**Required action**
Please output the line containing "- Revolutionary gel" and all lines that follow it in the data below, exactly, with no pictures.

Extracted data entries:
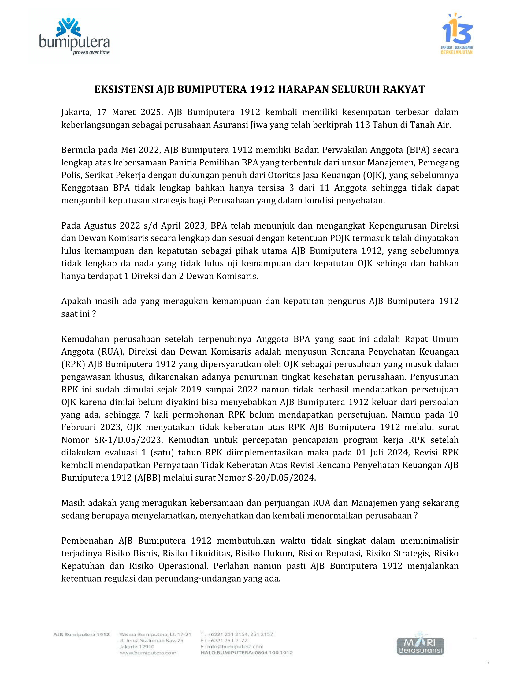 Jakarta, 17 Maret 2025. AJB Bumiputera 1912 kembali memiliki kesempatan terbesar dalam keberlangsungan sebagai perusahaan Asuransi Jiwa yang telah berkiprah 113 Tahun di Tanah Air.
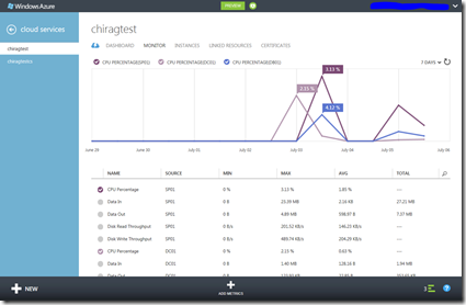 Now we have our SharePoint Farm setup and running, we can visit the cloud services option to monitor the following metrics: CPU, Data In, Data Out, Disk Read Throughput, Disk Write Throughput for our virtual machines, with display metric options.
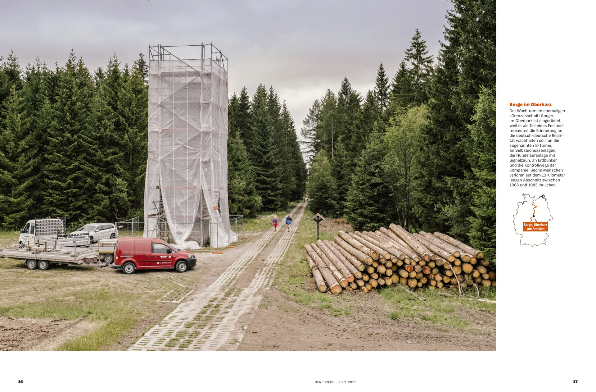 Der Wachturm im Grenzmuseum Sorge im Harz wird für Renovierungsarbeiten abgedeckt. Das Grenzmuseum ist Teil des „Grünen Bandes“, einem europaweiten Naturschutzprojekt, das die Artenvielfalt und Lebensräume entlang der ehemaligen innerdeutschen Grenze bewahren soll. Der Grenzstreifen ist zu einem Rückzugsort für mehr als 1.200 seltene und bedrohte Pflanzen- und Tierarten geworden.
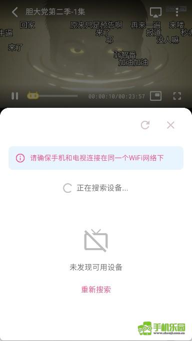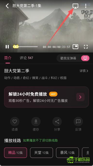 6. 点击我们的电视设备后,动漫资源就会在电视上开始播放。
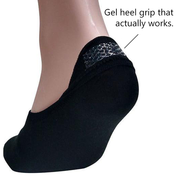 - Revolutionary gel heel grip "mesh" design. INVISASOX are guaranteed to stay on.
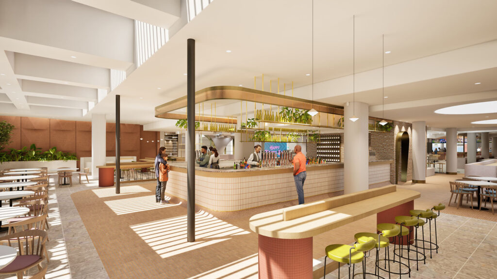 The building will be provided with an entirely new façade and entry sequence. The façade echoes the original mid-century modern architectural style. A new verandah-like alfresco food and beverage area will create a vibrant frontage visible from the Princes Highway and featuring a striking circular, faceted rotunda dining space.

**Response to the exercise**
 - Revolutionary gel heel grip "mesh" design. INVISASOX are guaranteed to stay on.
 The building will be provided with an entirely new façade and entry sequence. The façade echoes the original mid-century modern architectural style. A new verandah-like alfresco food and beverage area will create a vibrant frontage visible from the Princes Highway and featuring a striking circular, faceted rotunda dining space.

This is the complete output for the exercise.